» **WHAT YOU NEED TO DO**
Without the pictures, reproduce the records that follow exactly.

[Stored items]
┌────────

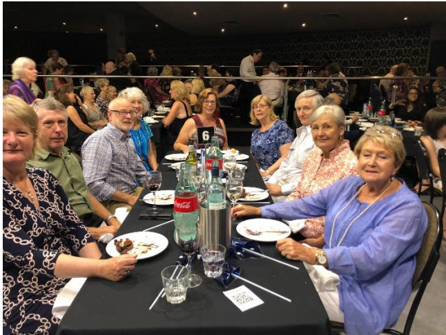
Left - Team of volunteers from the Warrandyte Neighbourhood House
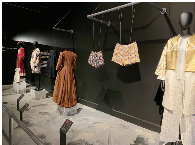
Figure 1. Fashion FWD: Disruption through Design. Wellbeing section, showing the back of the tea-gown.

Different kinds of display forms were used to differentiate museum objects from emerging designer outfits. Designers’ garments were mounted on black shop mannequins with heads, while museum garments hung on headless dress forms or Fosshape structures. Other themes and ideas emerged too, such as the value of creativity, the talent and skill of makers, and the range of textiles and materials available and the inventive ways these have been treated and used. Implicit in such an exhibition are also stories: about the emerging designers themselves and their subsequent careers; about the owners, wearers, and makers of the historical pieces; about consumption patterns, changes in fashion and aesthetics, and sustainability concerns. Viewers voice their own nostalgia and stories when they see particular artifacts.
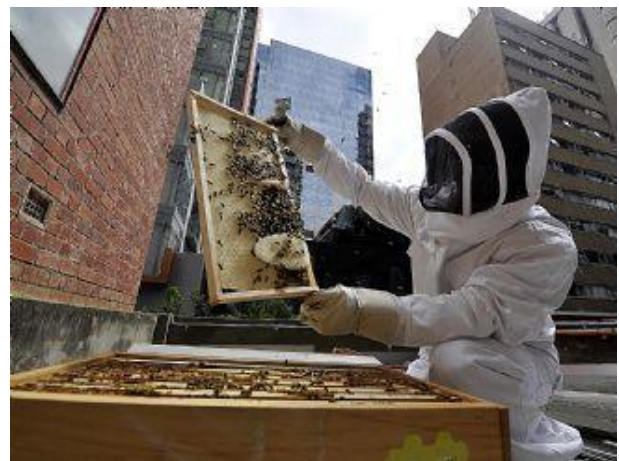
Sentinel hives are set up at locations across Australia and are regularly inspected for exotic pests like mites

Hives of European honey bees ( Apis mellifera ) of a known health status that are maintained at locations believed to be of high risk throughout Australia. These hives are visually inspected every six weeks for large African hive beetle, braula fly and small hive beetle. Acaricides (miticides) are used to check for external mites. Samples of adult bees are taken to labs for diagnosis of internal mites and viruses.
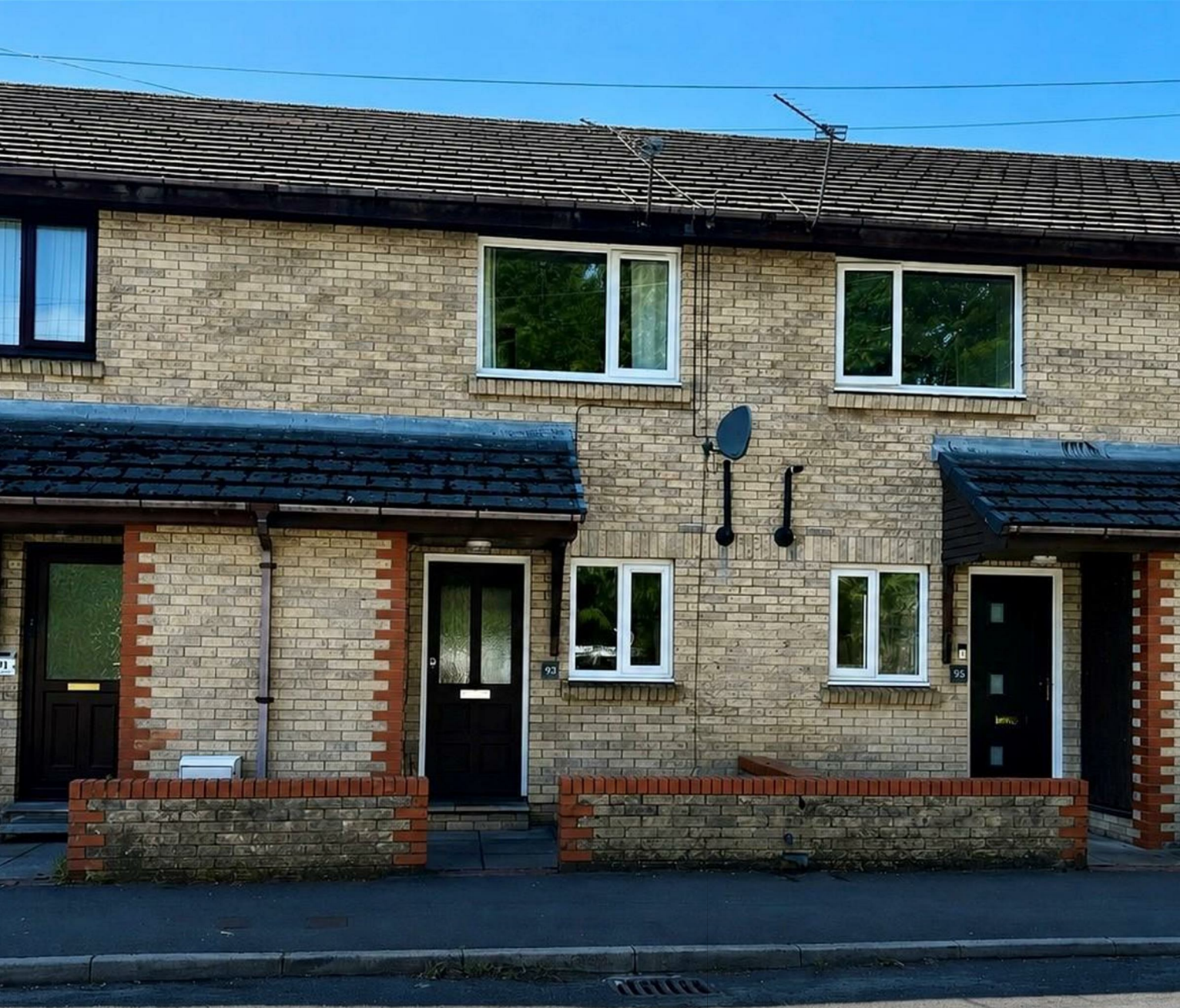
93, Cemetery Road Bridgend, CF31 1NA
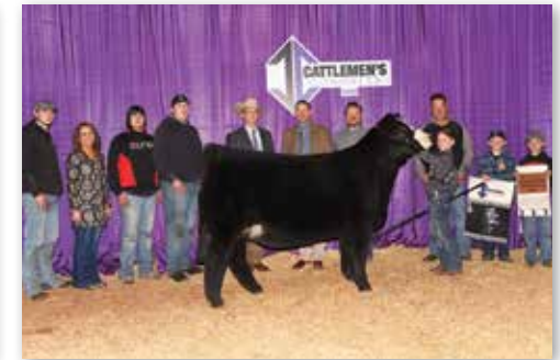
WEIS MISS LILLY 35J 2023 Cattlemen's Congress Grand Champion Purebred Simmental Heifer Maternal Sister to Dam of Lots 30 & 31
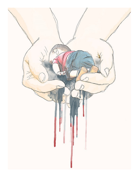
Fig. 14. Synecdoche: drawing by Helen Savvy

human, is in turn a pars pro toto of humanity (fig. 14)<sup>18</sup>. However, what do these images express – save for an empty gesture which is at the same time symbolic, utopian and late, lost for ages? I hear from them one word coming: consolation. I ask: for whom?
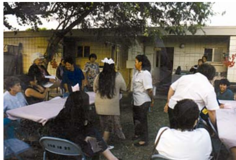
Educational Meeting.
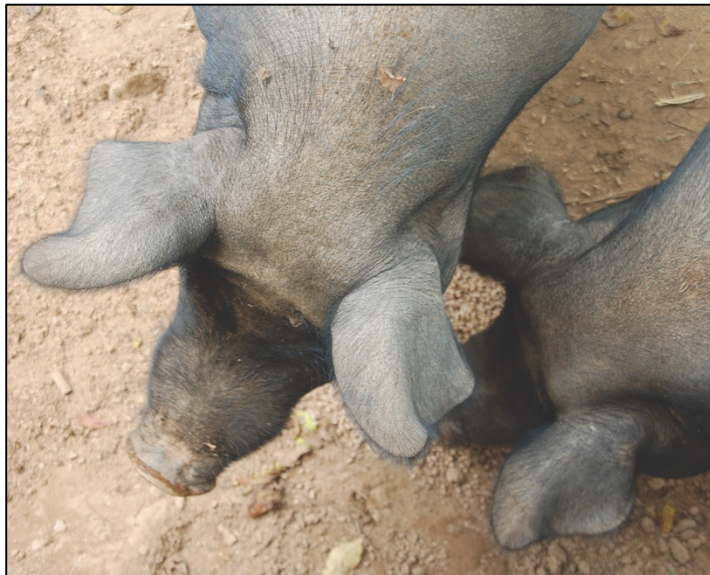
Heritage breed pigs

THEME: Slave plantation life during the 1850s and the heroic story of the Underground Railroad
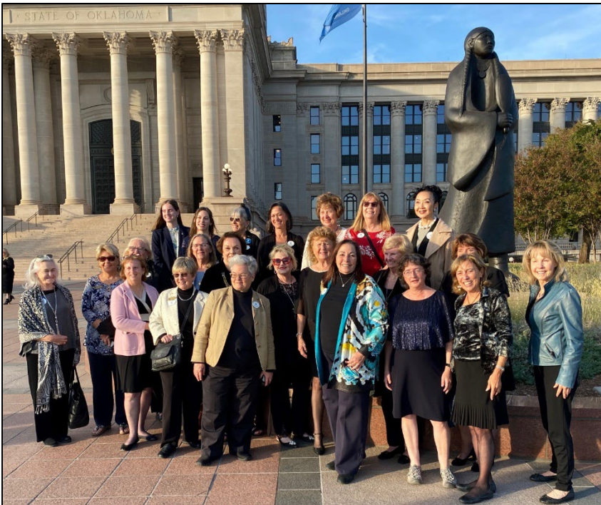
Capitol Banquet Attendees
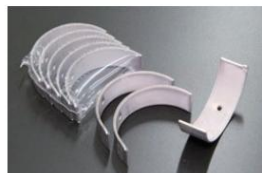
VG30DET connecting rod metal Compatible with: L32 narrow connecting rod Grade: #0 #1 #2
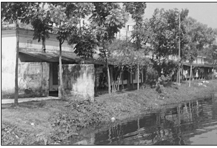
Lives of about 200 resident students of Abul Mansur Ahmad Hall and Shilpacharya Joyrul Abedin Hall of the Government Ananda Mohan University College, Mymensingh are at stake. The two halls built in 1908 are in dilapidated condition which may collapse at any moment resulting in loss of many valuable lives. The halls should immediately be declared abandoned and should be rebuilt suiting to the needs of students in this modern age.

The upazilas are Mymensingh Sadar, Muktagacha, Fulbaria, Trishal, Bhaluka, Gafargaon, Nandail, Ishurgonj, Gouripur, Fulpur, Haluaghat, and Dubawara. A total of Tk 50 lakh has been sanctioned for implementation of the projects. The projects include development of schools, madrasahs, colleges, mosques, orphanage, graveyard, Eidgha, dak bungalow and public library, repairing of roads and supply of furniture.
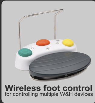
Wireless foot control for controlling multiple W&H devices

Setup, Training & commissioning worth £216* COMPLETELY FREE!
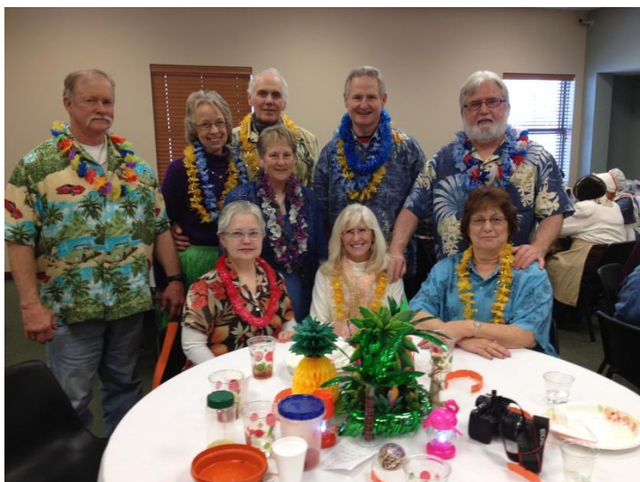
Table Theme: Hawaiian Sunset
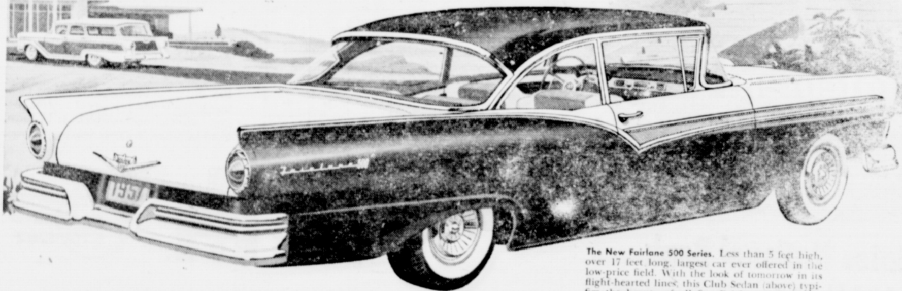
The New Fairlane 500 Series. Less than 5 feet high, over 17 feet long, largest car ever offered in the low-price field. With the look of tomorrow in its flight-hearted lines, this Club Sedan (above) typifies the beauty of all five Fairlane 500 models.

The New Ford Station Wagons. This famous line of champions has been redesigned from nameplate to tailgate. These five spacious glamour wagons are lower, longer, livelier than ever.
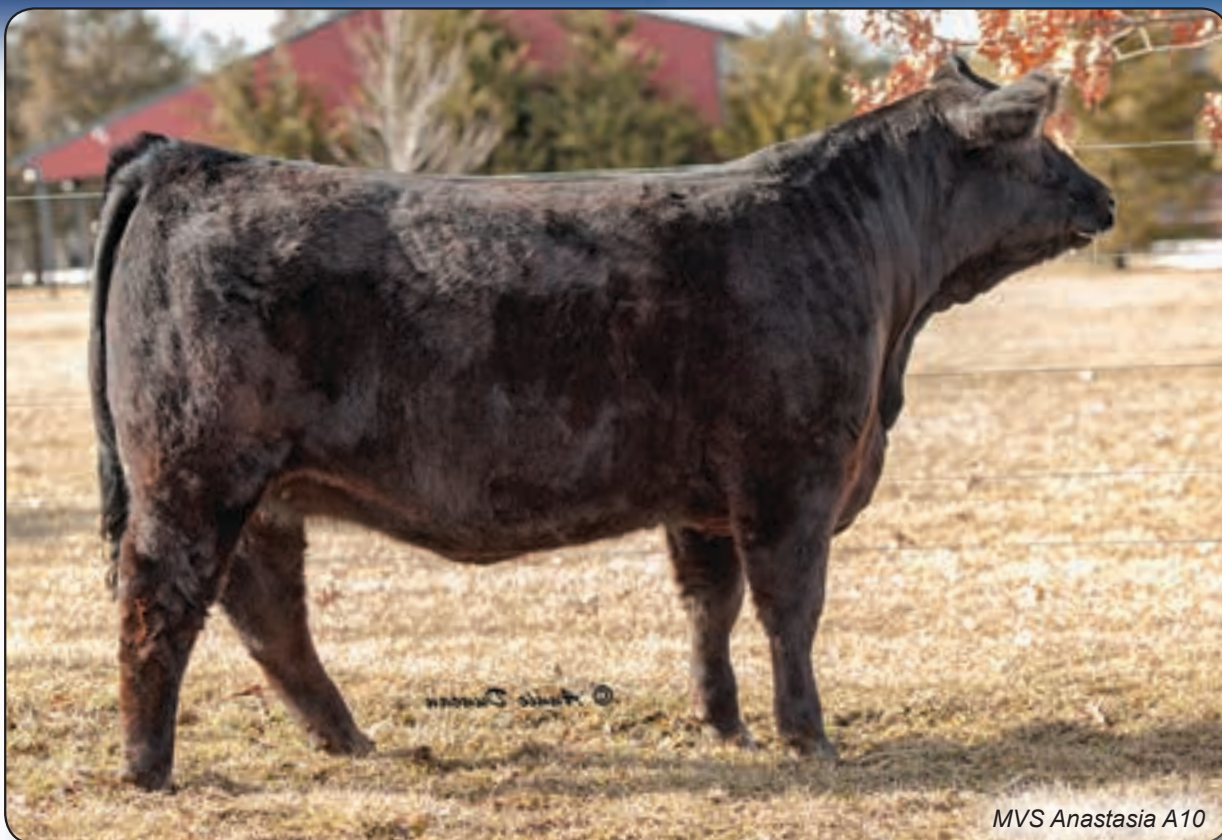
MVS Anastasia A10

└────────

» **RESPONSE TO THIS EXERCISE**
Left - Team of volunteers from the Warrandyte Neighbourhood House
Figure 1. Fashion FWD: Disruption through Design. Wellbeing section, showing the back of the tea-gown.

Different kinds of display forms were used to differentiate museum objects from emerging designer outfits. Designers’ garments were mounted on black shop mannequins with heads, while museum garments hung on headless dress forms or Fosshape structures. Other themes and ideas emerged too, such as the value of creativity, the talent and skill of makers, and the range of textiles and materials available and the inventive ways these have been treated and used. Implicit in such an exhibition are also stories: about the emerging designers themselves and their subsequent careers; about the owners, wearers, and makers of the historical pieces; about consumption patterns, changes in fashion and aesthetics, and sustainability concerns. Viewers voice their own nostalgia and stories when they see particular artifacts.
Sentinel hives are set up at locations across Australia and are regularly inspected for exotic pests like mites

Hives of European honey bees ( Apis mellifera ) of a known health status that are maintained at locations believed to be of high risk throughout Australia. These hives are visually inspected every six weeks for large African hive beetle, braula fly and small hive beetle. Acaricides (miticides) are used to check for external mites. Samples of adult bees are taken to labs for diagnosis of internal mites and viruses.
93, Cemetery Road Bridgend, CF31 1NA
WEIS MISS LILLY 35J 2023 Cattlemen's Congress Grand Champion Purebred Simmental Heifer Maternal Sister to Dam of Lots 30 & 31
Fig. 14. Synecdoche: drawing by Helen Savvy

human, is in turn a pars pro toto of humanity (fig. 14)<sup>18</sup>. However, what do these images express – save for an empty gesture which is at the same time symbolic, utopian and late, lost for ages? I hear from them one word coming: consolation. I ask: for whom?
Educational Meeting.
Heritage breed pigs

THEME: Slave plantation life during the 1850s and the heroic story of the Underground Railroad
Capitol Banquet Attendees
VG30DET connecting rod metal Compatible with: L32 narrow connecting rod Grade: #0 #1 #2
Lives of about 200 resident students of Abul Mansur Ahmad Hall and Shilpacharya Joyrul Abedin Hall of the Government Ananda Mohan University College, Mymensingh are at stake. The two halls built in 1908 are in dilapidated condition which may collapse at any moment resulting in loss of many valuable lives. The halls should immediately be declared abandoned and should be rebuilt suiting to the needs of students in this modern age.

The upazilas are Mymensingh Sadar, Muktagacha, Fulbaria, Trishal, Bhaluka, Gafargaon, Nandail, Ishurgonj, Gouripur, Fulpur, Haluaghat, and Dubawara. A total of Tk 50 lakh has been sanctioned for implementation of the projects. The projects include development of schools, madrasahs, colleges, mosques, orphanage, graveyard, Eidgha, dak bungalow and public library, repairing of roads and supply of furniture.
Wireless foot control for controlling multiple W&H devices

Setup, Training & commissioning worth £216* COMPLETELY FREE!
Table Theme: Hawaiian Sunset
The New Fairlane 500 Series. Less than 5 feet high, over 17 feet long, largest car ever offered in the low-price field. With the look of tomorrow in its flight-hearted lines, this Club Sedan (above) typifies the beauty of all five Fairlane 500 models.

The New Ford Station Wagons. This famous line of champions has been redesigned from nameplate to tailgate. These five spacious glamour wagons are lower, longer, livelier than ever.
MVS Anastasia A10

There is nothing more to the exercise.